Успех был полнейший.
Шли мы по коридору, я поддерживала Лизавету Петровну (она еще слаба) и высказывала ей мою радость.
– Для меня болезнь, – говорит она мне, – источник новой силы. После физических страданий я чувствую себя всегда так близко к источнику света и к человеку!
Сегодня мы опять отправились в ту же камеру. Мы не хотели ослаблять вчерашнего доброго настроения во всех больных девушках.
Входим, – и что же мы видим?
На той самой кровати, около которой раздавалось вчера одушевленное слово Лизаветы Петровны, сидит пара: фельдшер и девушка. Он ее обнимает, она хохочет и визжит. Остальные женщины распивают чай. Между ними тоже фельдшер. Несколько фраз, долетевших до нас, были такого сорта, какие я слышала в доме на Сенной. Лизавета Петровна была поражена! Вчера, тут же, все эти женщины выражали такое глубокое раскаяние, и хоть бы одна искра его осталась!
Лизавета Петровна начала говорить. Никто ее не слушал. Все попятились.

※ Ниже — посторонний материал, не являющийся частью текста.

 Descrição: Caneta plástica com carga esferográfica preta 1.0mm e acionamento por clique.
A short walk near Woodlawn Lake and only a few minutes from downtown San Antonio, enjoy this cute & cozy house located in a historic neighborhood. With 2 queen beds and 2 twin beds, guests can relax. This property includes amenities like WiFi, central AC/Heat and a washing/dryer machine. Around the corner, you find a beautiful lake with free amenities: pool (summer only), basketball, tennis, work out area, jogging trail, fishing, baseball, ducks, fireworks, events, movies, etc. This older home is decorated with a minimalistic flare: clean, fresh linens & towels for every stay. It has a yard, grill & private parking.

Я стояла поодаль… Грешный человек: в первый раз я рассмеялась. Контраст был, в самом деле, крупный. Фигура фельдшера, обнимавшего толстую и курносую девушку, хохотавшую во все горло, после вчерашних евангельских слез!.. Есть что-то в подобных разочарованиях и трагическое, и ужасно смешное.

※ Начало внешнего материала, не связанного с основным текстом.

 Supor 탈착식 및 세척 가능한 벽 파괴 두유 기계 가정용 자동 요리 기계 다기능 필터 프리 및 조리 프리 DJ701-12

Или я еще так молода, что нахожу частицу смешного там, где все смерть и роковая трагедия?
Лизавета Петровна удалила фельдшеров. Начала она увещевать девушек.
Точно будто кто их сразу всех перевернул: злые или рассеянные лица, насмешливые улыбки, хихиканье и болтовня.

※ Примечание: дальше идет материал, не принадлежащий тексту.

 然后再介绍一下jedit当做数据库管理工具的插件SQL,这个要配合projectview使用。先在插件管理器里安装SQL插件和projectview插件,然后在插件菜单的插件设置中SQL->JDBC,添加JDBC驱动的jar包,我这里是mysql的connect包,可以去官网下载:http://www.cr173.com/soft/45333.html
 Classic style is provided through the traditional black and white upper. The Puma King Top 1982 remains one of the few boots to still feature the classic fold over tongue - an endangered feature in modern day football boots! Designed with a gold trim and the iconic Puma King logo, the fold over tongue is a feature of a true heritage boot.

– Что же, Лизавета Петровна, – заговорила вдруг курносая. – Ведь каждый день нельзя же все "за упокой читать". Мы, известное дело, не окаянные какие-нибудь. Что нам из Священного писания читают, мы тоже понимаем и в Бога верим. А ежели, теперича, каждый день все слезами исходить, так этак ничего и не останется!
Остальная компания фыркнула.
– Как же, Пелагея, – возразила ей Лизавета Петровна дрожащим, почти истерическим голосом, – ты сегодня раскаешься, а завтра опять по-прежнему? Ведь ты не меня, ты Спасителя гневишь!..
– Потому-то мы, Лизавета Петровна, на духу и не бываем!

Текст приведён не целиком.